Читаем Мои современницы полностью

Я молчала. Убеждать Алекс не стоило. Под влиянием внезапно обрушившегося на нее удара, она на миг вернулась к своей прежней страшной средневековой вере, полной насилий и преступлений. Я твердо была убеждена, что возврат к этому мраку и ужасу был лишь временным. Усиленные занятия Алекс, чтение серьезных книг, разговоры с образованными людьми не могли пройти для нее бесследно. Всякий труд есть дисциплина, и Алекс, работая все эти месяцы, незаметно для себя смиряла свой бешеный нрав, сдерживала свою распущенную волю…

«Надо дать ей время успокоиться, думала я, а пока не мешает принять на всякий случай меры». И, выйдя в коридор, я поспешно написала и послала с маленьким chasseur[292] срочную телеграмму Тиму, советуя ему спрятать бедную Лидочку.

Вернувшись в гостиную, я нашла Алекс за письменным столом. Она лихорадочно писала, бросая исписанные листки на ковер.

– Я пишу свою защитительную речь! – сказала она мне. – Мне никакого адвоката не надо. Я сама стану защищать себя на суде… Я докажу судьям, что обязана была убить этого ребенка; что это был мой долг перед обществом!

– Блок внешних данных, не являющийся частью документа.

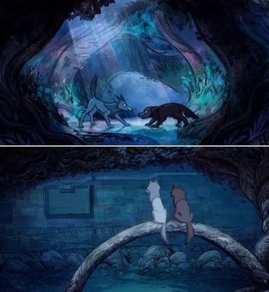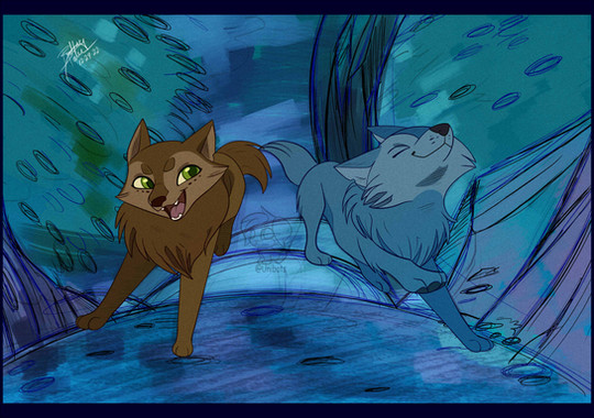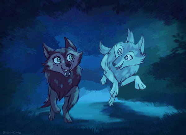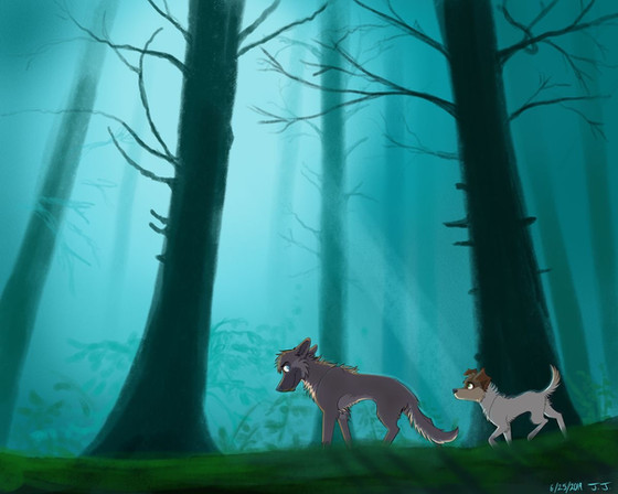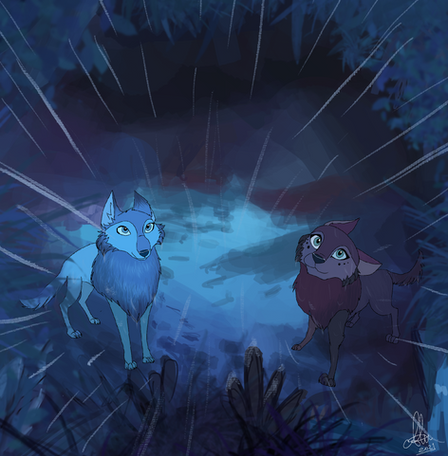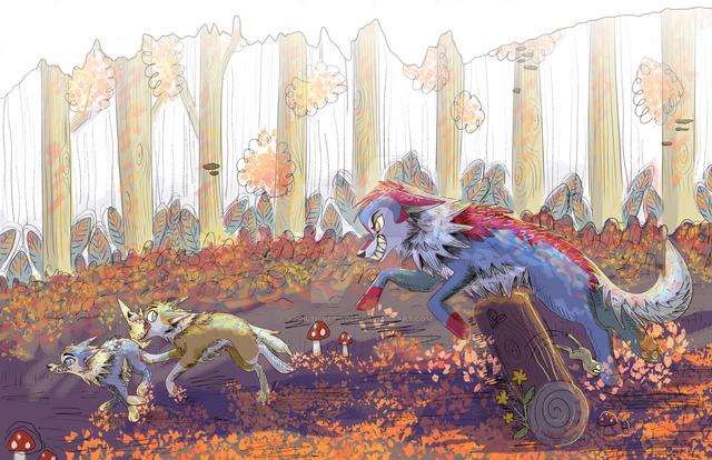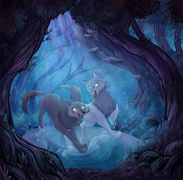 #dark #darkforest #fan #fanart #forest #mushroom #mushrooms #play #playing #pool #puddle #run #running #splash #splashing #walkers #wolf #wolves #mushroomforest #runningwiththewolves #wolfwalkers #art

«Трудная задача!» – подумала я, садясь на диван, и всё же была очень довольна найти Алекс за работой. «Пусть себе пишет, – радовалась я, – гнев ее выльется на бумагу, и она будет в состоянии правильнее рассуждать».

Алекс усердно работала. Ковер был покрыт листами защитительной речи. Порой она оборачивалась, устремляла на меня пристальный взгляд, но вряд ли меня видела.

«Как, однако, захватило ее новое дело! – с удивлением думала я. – Ужасно жаль, что исповедь Тима пришла так рано! Проучись Алекс с год на курсах, произнеси несколько пламенных речей в parlotte, и она больше бы верила в свой талант. Легче было бы ей перенести тяжелый удар. А что, если бы дать Алекс возможность высказаться публично теперь же, сегодня или завтра? – пришло мне вдруг на ум. – Это отвлекло бы ее мысли от преступления… Но как это сделать?.. Съезжу к Jackelard! Он ее любит и верно что-нибудь сумеет придумать».

Я колебалась, боясь оставить Алекс одну. Наконец, решилась, потихоньку вышла и, уговорив горничную не отходить от двери, почаще заглядывая к Алекс, взяла auto и помчалась к maître Jackelard.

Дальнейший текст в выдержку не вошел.